Den entscheidenden Anstoß für mich, mich mehr mit veganer Mode zu beschäftigen war eine Einladungsreise von France Ecotours zu einer veganen Reise durch Paris.

Wenn jemand schicke Kleidung bietet, dann sind es schließlich die Franzosen. Schau ich mir das mal an, dachte ich mir. Meine Erfahrung mit veganer Kleidung in Paris habe ich euch schon aufgeschrieben.

Ausschlagebend für meinen Wunsch, einen anderen Weg einzuschlagen war aber schlicht die Erkenntnis, dass mein Kleiderschrank überquillt. Frust statt Lust stellte sich ein.

Mit meinem Kleiderfimmel bin ich nicht natürlich nicht allein.

Meine Recherchen haben ergeben, dass 150 Millionen Kleidungsstücke jedes Jahr neu hergestellt werden weltweit. Wie die Durchschnittsdeutsche werde ich rund 20 Prozent der Kleidung im Schrank NIE tragen. Dennoch wächst vor allem die Nachfrage nach preisgünstiger Mode, nach Angaben der Beratungsfirma Mc Kinsey.

Tatsächlich sind die Lieferketten in der Modeindustrie verzweigt und folglich kaum zu durchschauen: Die Herkunft der Stoffe, die verwendete Chemie, die Arbeitsbedingungen sind komplex miteinander verknüpft.

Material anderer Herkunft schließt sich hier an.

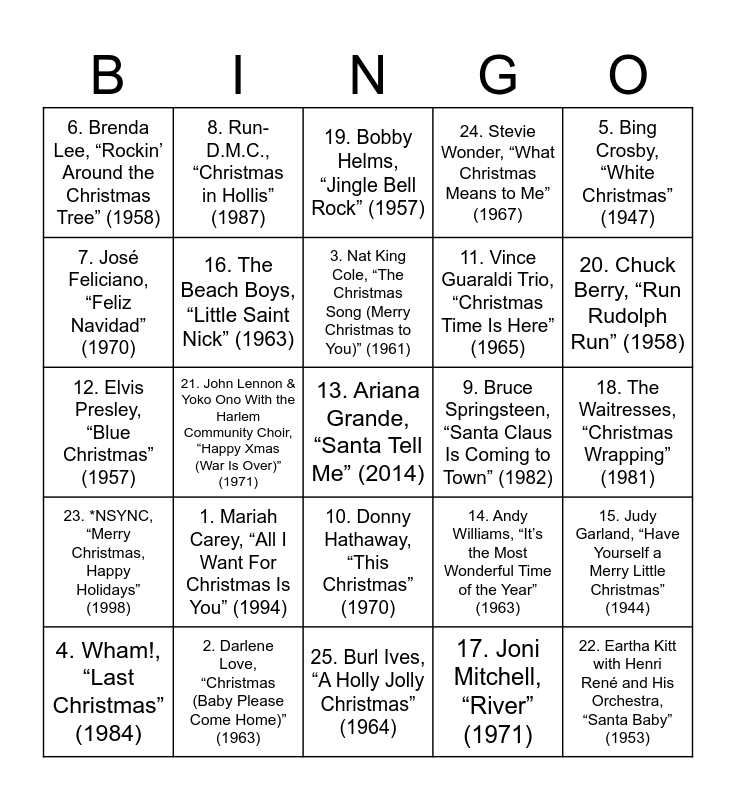 This bingo card has a free space and 24 words: 1. Mariah Carey, “All I Want For Christmas Is You” (1994), 2. Darlene Love, “Christmas (Baby Please Come Home)” (1963), 3. Nat King Cole, “The Christmas Song (Merry Christmas to You)” (1961), 4. Wham!, “Last Christmas” (1984), 5. Bing Crosby, “White Christmas” (1947), 6. Brenda Lee, “Rockin’ Around the Christmas Tree” (1958), 7. José Feliciano, “Feliz Navidad” (1970), 8. Run-D.M.C., “Christmas in Hollis” (1987), 9. Bruce Springsteen, “Santa Claus Is Coming to Town” (1982), 10. Donny Hathaway, “This Christmas” (1970), 11. Vince Guaraldi Trio, “Christmas Time Is Here” (1965), 12. Elvis Presley, “Blue Christmas” (1957), 14. Andy Williams, “It’s the Most Wonderful Time of the Year” (1963), 15. Judy Garland, “Have Yourself a Merry Little Christmas” (1944), 16. The Beach Boys, “Little Saint Nick” (1963), 17. Joni Mitchell, “River” (1971), 18. The Waitresses, “Christmas Wrapping” (1981), 19. Bobby Helms, “Jingle Bell Rock” (1957), 20. Chuck Berry, “Run Rudolph Run” (1958), 21. John Lennon & Yoko Ono With the Harlem Community Choir, “Happy Xmas (War Is Over)” (1971), 22. Eartha Kitt with Henri René and His Orchestra, “Santa Baby” (1953), 23. *NSYNC, “Merry Christmas, Happy Holidays” (1998), 24. Stevie Wonder, “What Christmas Means to Me” (1967) and 25. Burl Ives, “A Holly Jolly Christmas” (1964).

Gerade hat die englische Daily Mail etwa Stella McCartney nachgewiesen, dass ein Mantel des veganen Labels, den Meghan Markle gerade trug, in Ungarn zu Hungerlöhnen produziert wurde.

 

Da kann frau schon mal den Kopf in den Sand stecken und denken, was soll ich kleines Licht daran ändern?

Tatsächlich kann ich für mich im Alltag eine ganze Menge ändern. Und jetzt kommen die ganzen guten Nachrichten. Also, weiterlesen lohnt sich…….

 

Wie kann ich nachhaltiger shoppen?

 

1. Alternative Materialien

Nach alternativen Materialien schauen. Beispiel: Leder.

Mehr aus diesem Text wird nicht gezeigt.